But please follow the following guideline:


To make it short: ALWAYS USE YOUR COMMON SENSE IF POSTING!
If you don't have common sense, don't post.


More specifically:

For new threads:


a) Good, meaningful title:
The title has to say what the problem is about in best way possible.
If that title occured already, it's definitely bad. And contest names aren't good either.
That's in fact a requirement for being able to search old problems.

Examples:
Bad titles:
- "Hard"/"Medium"/"Easy" (if you find it so cool how hard/easy it is, tell it in the post and use a title that tells us the problem)
- "Number Theory" (hey guy, guess why this forum's named that way¿ and is it the only such problem on earth¿)
- "Fibonacci" (there are millions of Fibonacci problems out there, all posted and named the same...)
- "Chinese TST 2003" (does this say anything about the problem¿)
Good titles:
- "On divisors of a³+2b³+4c³-6abc"
- "Number of solutions to x²+y²=6z²"
- "Fibonacci numbers are never squares"


b) Use search function:
Before posting a "new" problem spend at least two, better five, minutes to look if this problem was posted before. If it was, don't repost it. If you have anything important to say on topic, post it in one of the older threads.
If the thread is locked cause of this, use search function.

Update (by Amir Hossein). The best way to search for two keywords in AoPS is to input
[code]+"first keyword" +"second keyword"[/code]
so that any post containing both strings "first word" and "second form".


c) Good problem statement:
Some recent really bad post was:
[quote]$lim_{n\to 1}^{+\infty}\frac{1}{n}-lnn$[/quote]
It contains no question and no answer.
If you do this, too, you are on the best way to get your thread deleted. Write everything clearly, define where your variables come from (and define the "natural" numbers if used). Additionally read your post at least twice before submitting. After you sent it, read it again and use the Edit-Button if necessary to correct errors.

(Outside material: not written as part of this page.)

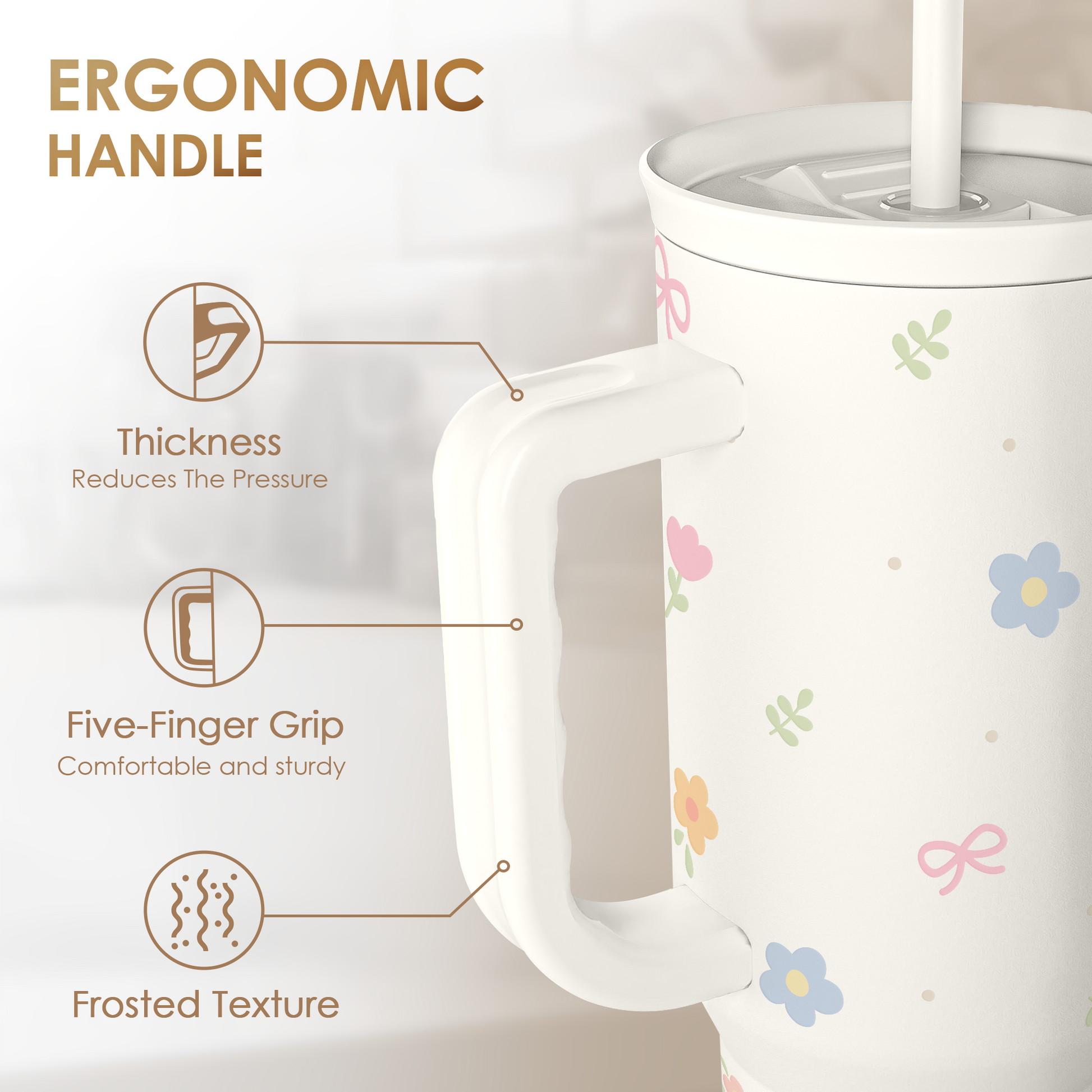 - Hydration in style: our 40 ounce tumbler with handle is big enough to conquer your thirst while adding a stylish touch to your daily routine; plus the practicality of the tumbler makes excellent gift option for cherished ones

For answers to already existing threads:


d) Of any interest and with content:
Don't post things that are more trivial than completely obvious. For example, if the question is to solve $x^{3}+y^{3}=z^{3}$, do not answer with "$x=y=z=0$ is a solution" only. Either you post any kind of proof or at least something unexpected (like "$x=1337, y=481, z=42$ is the smallest solution). Someone that does not see that $x=y=z=0$ is a solution of the above without your post is completely wrong here, this is an IMO-level forum.
Similar, posting "I have solved this problem" but not posting anything else is not welcome; it even looks that you just want to show off what a genius you are.

e) Well written and checked answers:
Like c) for new threads, check your solutions at least twice for mistakes. And after sending, read it again and use the Edit-Button if necessary to correct errors.



To repeat it: ALWAYS USE YOUR COMMON SENSE IF POSTING!


Everything definitely out of range of common sense will be locked or deleted (exept for new users having less than about 42 posts, they are newbies and need/get some time to learn).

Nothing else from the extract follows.